• _PROBLEM DETAILS_: Only the lines from the start of the entries through the line with "Color souvenir card" should be returned, each exactly as it stands, and no pictures.
....................
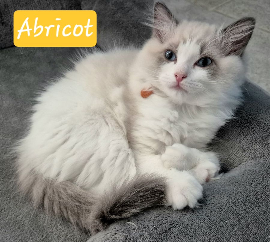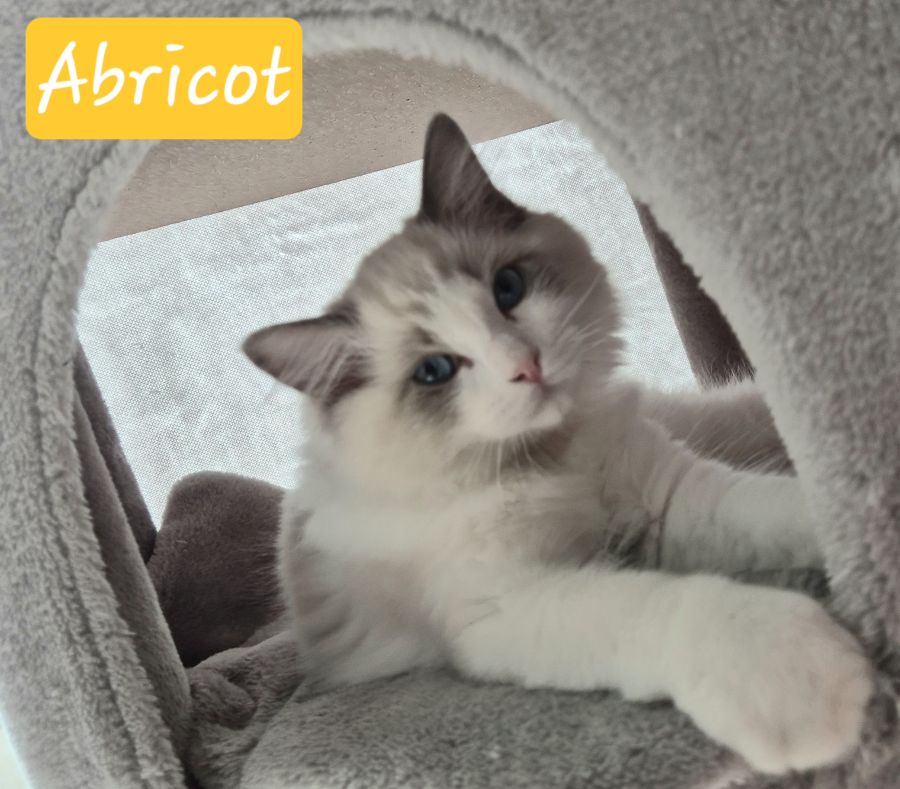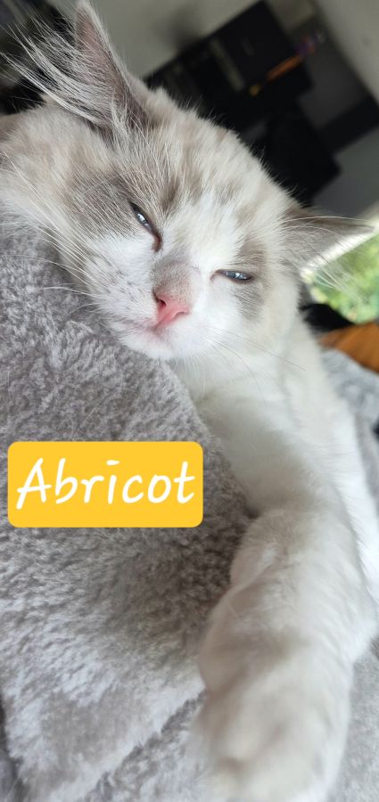 – Abricot : petit ronron ambulant, très câlin, sociable et joueur
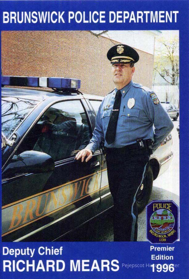 Color souvenir card of Deputy Chief Richard Mears, Brunswick, ME, Police Department. On the back is a brief biography and safety message. 1996.
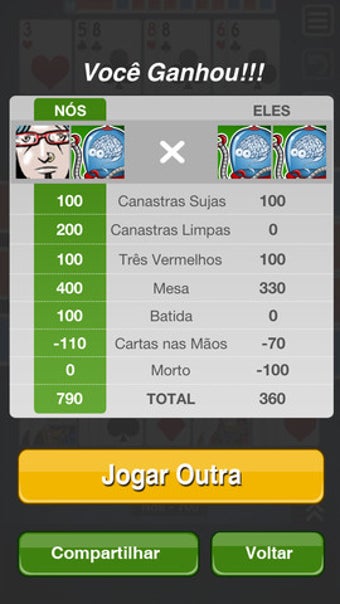 Você pode jogar online, contra jogadores reais, ou offline, contra robôs. A segunda opção é ideal para quem está sem acesso à internet. Também é possível salvar as partidas e recomeçar de onde parou, bater papo com os adversários pelo chat exclusivo, e enviar e receber presentes grátis para seus amigos. É considerado um jogo mais técnico e exigente, já que é mais difícil que o Buraco.
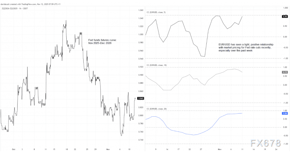 过去一个月(尤其是最近一周),欧元/美元与市场对美联储截至2026年底的降息预期变化高度同步。
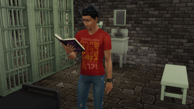 “They aren’t ordinary spiders,” Bella said. Don wondered where in the world “ordinary” spiders lived — he was pretty sure he’d never seen one in Oasis Springs before, just at the Labs — but then, at FSL — “The webs seem to dissolve the metal bars. Look to your left. There’s a small hole where I nudged the web.” Don looked, and sure enough, there was a hole. He decided he didn’t want to get too close to a spider that had steel-dissolving powers. Bella showed him how to coax two spiders to his cell bars. Now all they had to do was wait.
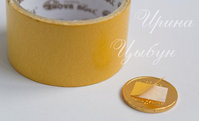 На скотч приклейте кусочек бумаги, а затем горячим клеем посадите медаль в нужное место.
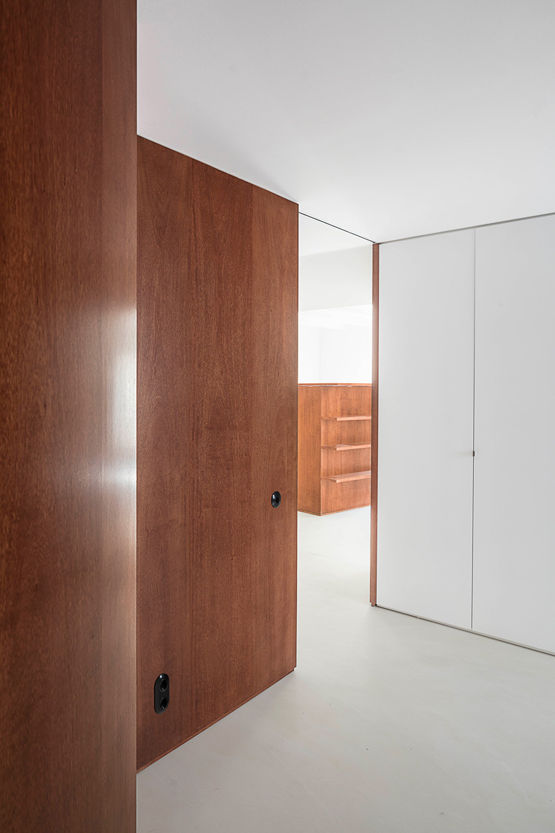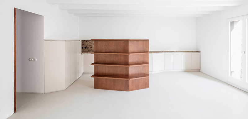 The renovation of the apartment in Barcelona, in Parlament Street by h3o architects consisted of creating a spatial continuity through the use of white colour in order to make the space become a white canvas, defined only by the furniture.
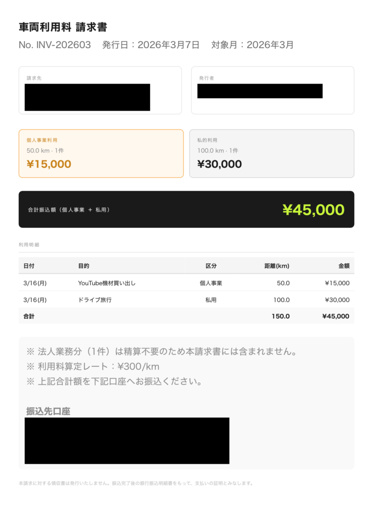 上記の機能が実現できれば、クルマを運転して疲れて返ってきたときにオドメーターを見ながらちょちょいと記入するだけで使用記録が完結します。そして月末に請求書を発行して振込、個人事業と法人で記帳するだけ。ずいぶんラクに自動車の使用記録を管理できるでしょう。
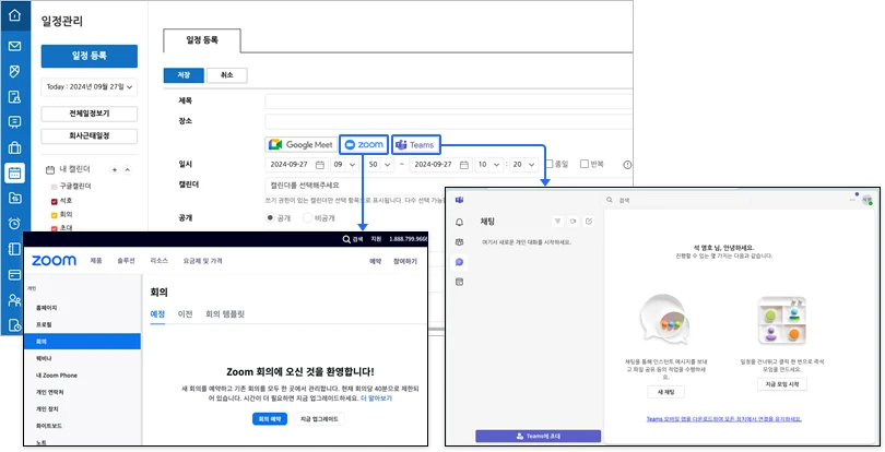 4. 일정등록 시, ZOOM 및 Teams 새창 호출 버튼 추가
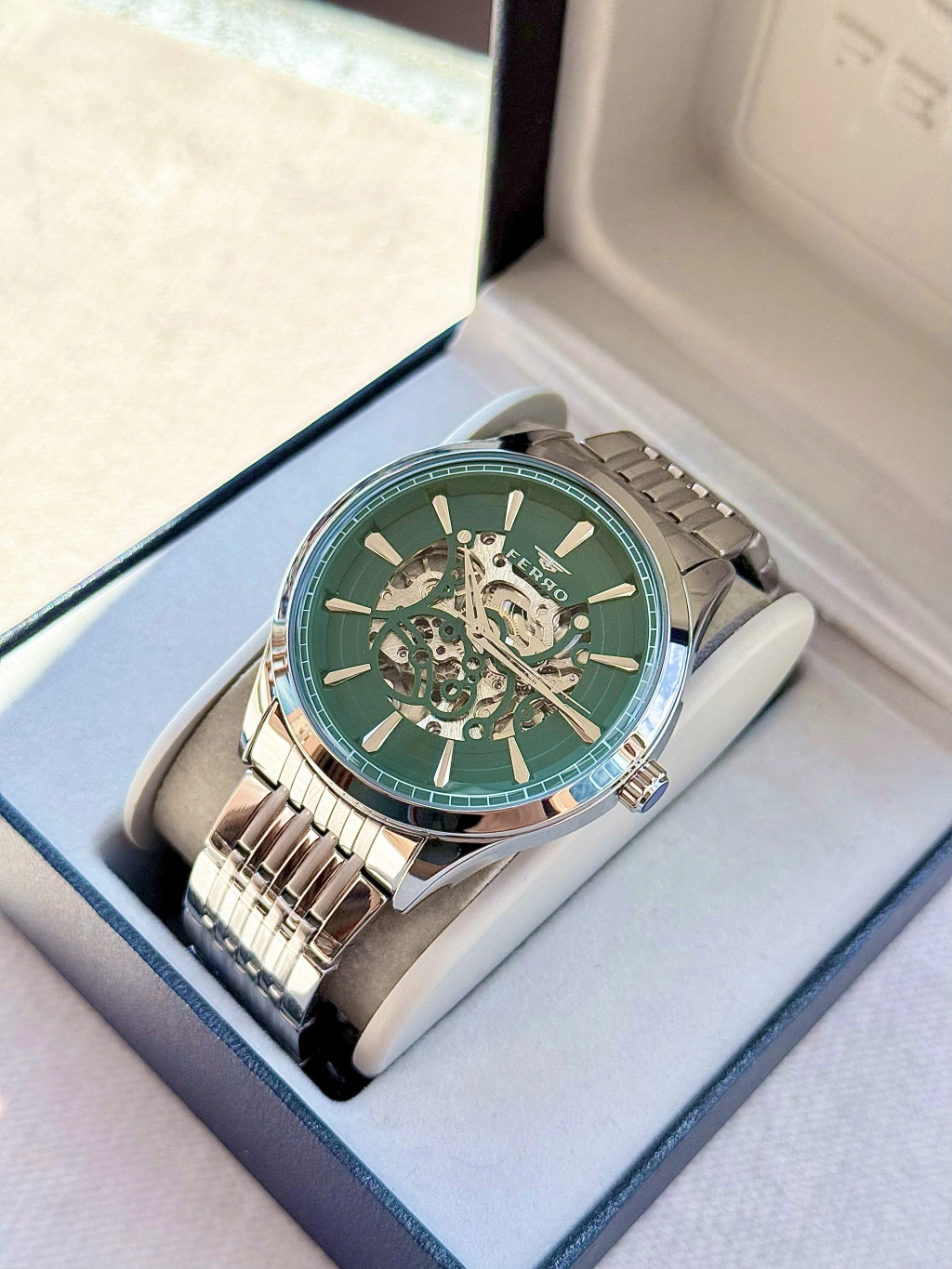 FERRO Ferro Gümüş Çelik Kordon Erkek Kol Saati FM31440A-A6 Otomatik Makine 3 ATM Su Geçirmez Hediye Paketli — Işıltılı Stil, Zarif Dokunuş
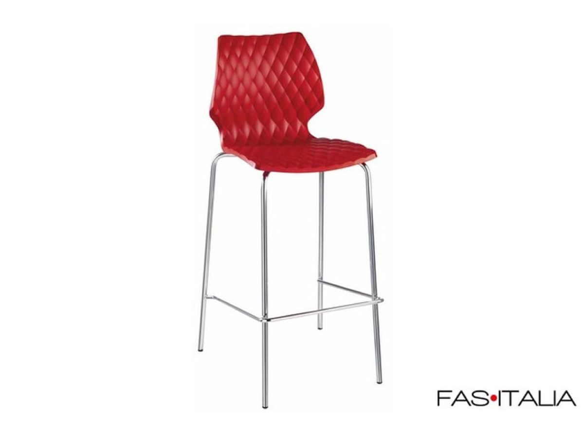 Sgabello alto con con seduta e schienale in polipropilene decorato a trapunta.
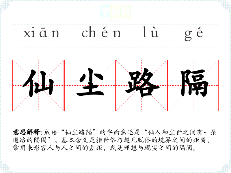 成语“仙尘路隔”的字面意思是“仙人和尘世之间有一条道路的隔阂”。基本含义是指世俗与超凡脱俗的境界之间的距离,常用来形容人与人之间的差距,或是理想与现实之间的隔阂。
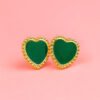 Aretes en bronce con baño en oro, con diferentes fondos de colores
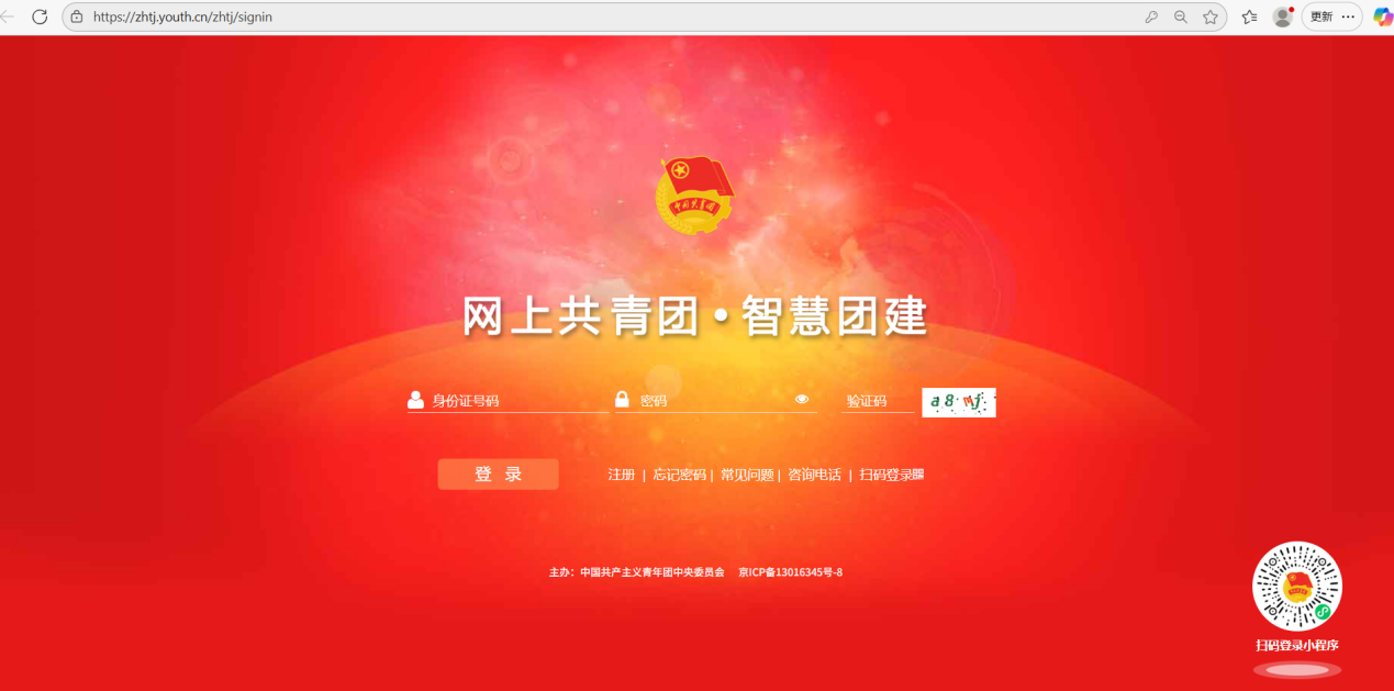 【注】:若显示身份证或密码错误,请联系毕业院校确认本人是否已被录入“智慧团建”系统。若确认在系统内,可联系团支部管理员获取密码重置码,拿到密码重置码后打开系统首页选择“忘记密码”,按照页面提示操作即可。若未录入则需点击注册进行注册。成功更改密码后请牢记密码避免日后找回的麻烦。※ 只能在电脑PC端登录
....................
• _REPLY TO THE TASK_:
 – Abricot : petit ronron ambulant, très câlin, sociable et joueur
 Color souvenir card of Deputy Chief Richard Mears, Brunswick, ME, Police Department. On the back is a brief biography and safety message. 1996.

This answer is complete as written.